What's more, while the frameworks do identify the five priority areas of the standards, they only describe each of these priorities in exceedingly broad and general terms. Under close reading of texts in third grade, for example, teachers are encouraged only to allow students to draw evidence from the text and present their analyses in writing as well as through speaking. That does not clarify what, specifically, teachers should be asking of their students or how a unit or class discussion might be organized. It would be far more useful for the frameworks to give teachers examples of the kinds of text-dependent questions that they should use to drive class discussion. Without these kinds of examples, the frameworks give teachers very little instructionally useful guidance.

Furthermore, given how few specifics the frameworks include, the document is also excessively long, and often confusing and repetitive. It begins, for example, with a dense, 11-page introduction that tries to help the reader understand the information that is presented in the 90 pages that follow. Unfortunately, this introduction is as confusing as it is repetitive. With careful editing, it could easily be cut in half without losing the most salient points, and the result would undoubtedly be a clearer, more succinct and far more helpful introduction to the frameworks.

Adding confusion to the document, the authors have included a Module Content Framework Chart, which is meant to offer a visual model of how the standards for a particular grade level could be organized into an easy-to-understand structure to aid states and districts in developing instructional tools. Regrettably, the chart is far from easy to understand. It is visually confusing and repeated almost verbatim at every grade level.

The glossary and writing sections are also unnecessarily repetitive. For instance, in the glossary section a paragraph describing an in-depth study of one extended text such as a novel, a play, longer literary nonfiction, or informational text? is repeated verbatim at every grade level. It would be far more helpful for the authors to select an exemplar text from the standards and include some specific guidance about what close reading of the text? might look like, highlighting examples of the kinds of rigorous, text-dependent questions that teachers might use to drive a high-quality book discussion.

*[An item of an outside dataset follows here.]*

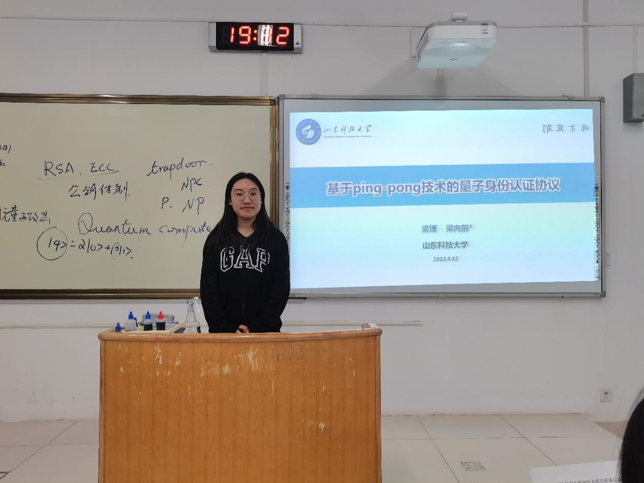 2021级硕士梁瑾作了题为“基于ping-pong技术的量子身份认证协议”的报告。本次讲坛的点评嘉宾是比分网足球

Finally, some of the weaknesses of the standards themselves are repeated in the frameworks. (See The State of State Standards and the Common Core in 2010.) For instance, a third grade standard indicates that with guidance and support from adults, [students should] produce writing in which the development and organization are appropriate to task and purpose. The frameworks could have seized on this opportunity to expand upon the expectation and help teachers understand more specifically what students should be expected to master independently, and what is an emerging skill for which they may need additional support.